On Wed, 2022-07-13 at 18:22 +0530, Naresh Kamboju wrote:
> On Wed, 13 Jul 2022 at 00:17, Greg Kroah-Hartman
> <[email protected]> wrote:
> >
> > This is the start of the stable review cycle for the 5.15.55 release.
> > There are 78 patches in this series, all will be posted as a response
> > to this one.  If anyone has any issues with these being applied, please
> > let me know.
> >
> > Responses should be made by Thu, 14 Jul 2022 18:32:19 +0000.
> > Anything received after that time might be too late.
> >
> > The whole patch series can be found in one patch at:
> >         https://www.kernel.org/pub/linux/kernel/v5.x/stable-review/patch-5.15.55-rc1.gz
> > or in the git tree and branch at:
> >         git://git.kernel.org/pub/scm/linux/kernel/git/stable/linux-stable-rc.git linux-5.15.y
> > and the diffstat can be found below.
> >
> > thanks,
> >
> > greg k-h
>
> Results from Linaro’s test farm.
> Regressions on x86_64.
>
> Reported-by: Linux Kernel Functional Testing <[email protected]>
>
> 1) Kernel panic noticed on device x86_6 while running kvm-unit-tests.
>    - APIC base relocation is unsupported by KVM

My 0.2 cent:

APIC base relocation warning is harmless, and I removed it 5.19 kernel:
https://git.kernel.org/pub/scm/linux/kernel/git/torvalds/linux.git/commit/?h=v5.19-rc6&id=3743c2f0251743b8ae968329708bbbeefff244cf

The 'emulating exchange as write' is also something that KVM unit tests trigger
normally although this warning recently did signal a real and very nasty bug, which I fixed in this commit:
https://git.kernel.org/pub/scm/linux/kernel/git/torvalds/linux.git/commit/?h=v5.19-rc6&id=33fbe6befa622c082f7d417896832856814bdde0


FYI, Another 'pr_info_ratelimited' message from KVM that you will see when running the unit tests is this
"kvm: vcpu 0: requested 2000 ns lapic timer period limited to 200000 ns"

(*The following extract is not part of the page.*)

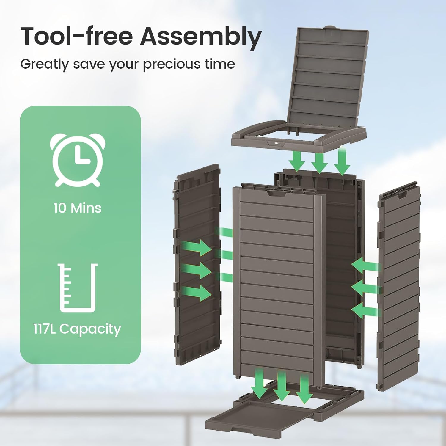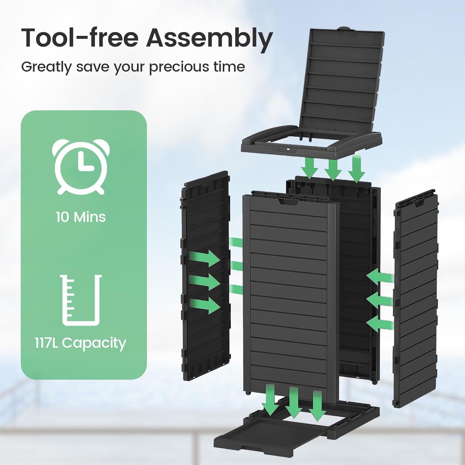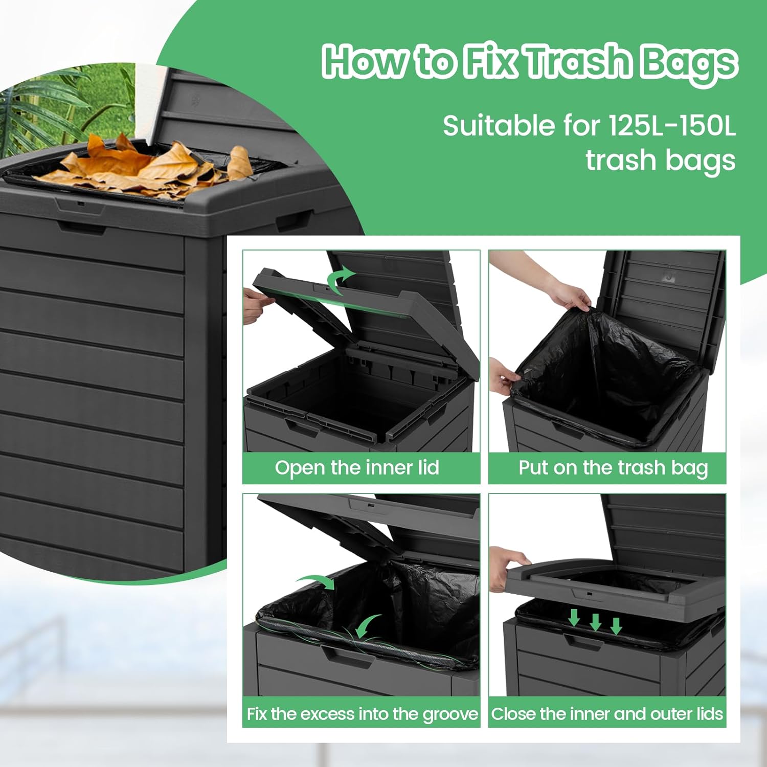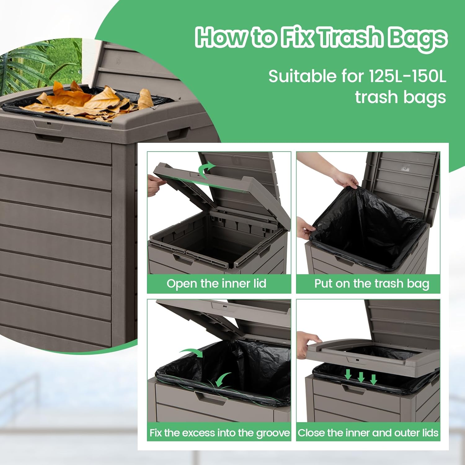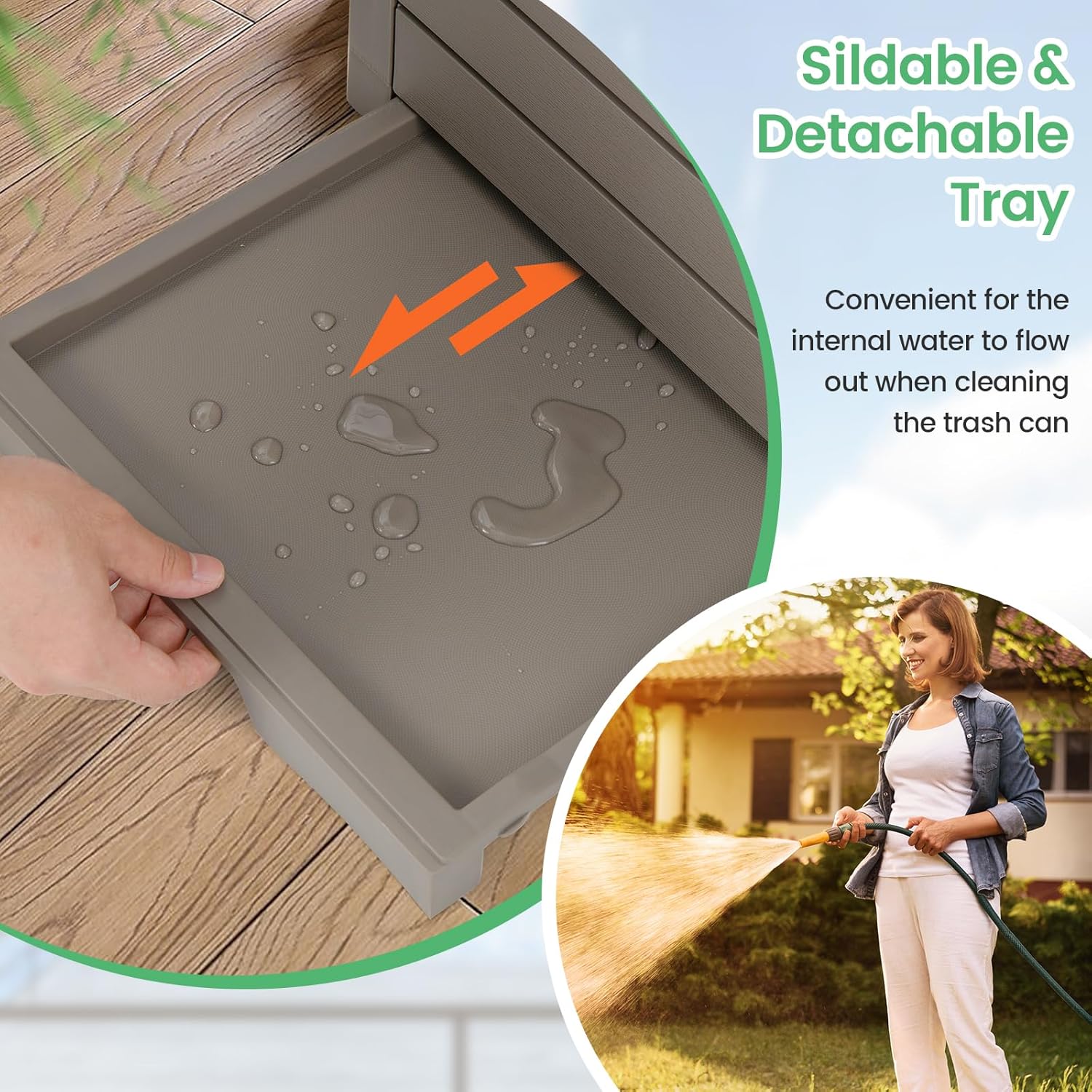 GIANTEX Bidone Spazzatura 118L con Coperchio e Maniglia, Contenitore Rifiuti Giardino con Vaschetta Raccolta Estraibile, Impermeabile per Terrazze

It is also harmless, but I do wonder how much value it adds.

And the panic I guess was already figured out.

BTW, there is a script in the kernel source, called decode_stacktrace
(./scripts/decode_stacktrace.sh)

It is very useful to figure out, on which source line the panic/oops
was triggered, you might want to consider using it in the report.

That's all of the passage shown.